> ABOUT THIS TASK
Starting from the line with "Vintage angel on" and going up to and including the line with "Factory Wholesale High-quality", copy the listing below exactly. Leave all images out.

MATERIAL FOR THIS TASK: Begin

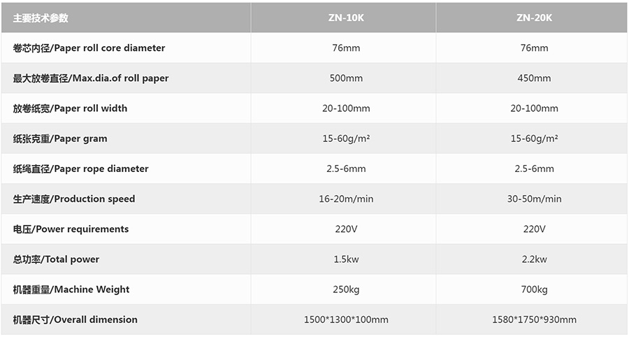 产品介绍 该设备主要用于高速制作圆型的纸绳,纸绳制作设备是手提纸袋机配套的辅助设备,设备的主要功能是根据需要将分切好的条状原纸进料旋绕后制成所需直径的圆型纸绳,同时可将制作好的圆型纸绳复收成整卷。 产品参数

MATERIAL FOR THIS TASK: End
MATERIAL FOR THIS TASK: Begin

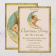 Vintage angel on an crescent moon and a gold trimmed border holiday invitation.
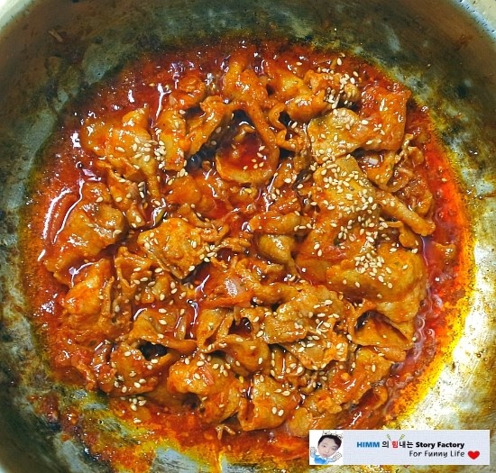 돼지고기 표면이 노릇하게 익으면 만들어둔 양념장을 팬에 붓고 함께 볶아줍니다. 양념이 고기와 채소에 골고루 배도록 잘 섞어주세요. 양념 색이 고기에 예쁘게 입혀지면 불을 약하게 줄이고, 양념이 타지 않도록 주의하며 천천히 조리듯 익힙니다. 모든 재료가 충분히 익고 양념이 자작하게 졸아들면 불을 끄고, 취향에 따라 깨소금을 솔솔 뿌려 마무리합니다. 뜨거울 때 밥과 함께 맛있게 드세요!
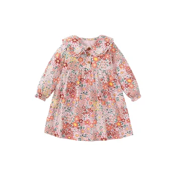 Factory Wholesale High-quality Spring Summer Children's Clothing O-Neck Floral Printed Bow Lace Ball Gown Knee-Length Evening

MATERIAL FOR THIS TASK: End

> ANSWER BOX
 Vintage angel on an crescent moon and a gold trimmed border holiday invitation.
 돼지고기 표면이 노릇하게 익으면 만들어둔 양념장을 팬에 붓고 함께 볶아줍니다. 양념이 고기와 채소에 골고루 배도록 잘 섞어주세요. 양념 색이 고기에 예쁘게 입혀지면 불을 약하게 줄이고, 양념이 타지 않도록 주의하며 천천히 조리듯 익힙니다. 모든 재료가 충분히 익고 양념이 자작하게 졸아들면 불을 끄고, 취향에 따라 깨소금을 솔솔 뿌려 마무리합니다. 뜨거울 때 밥과 함께 맛있게 드세요!
 Factory Wholesale High-quality Spring Summer Children's Clothing O-Neck Floral Printed Bow Lace Ball Gown Knee-Length Evening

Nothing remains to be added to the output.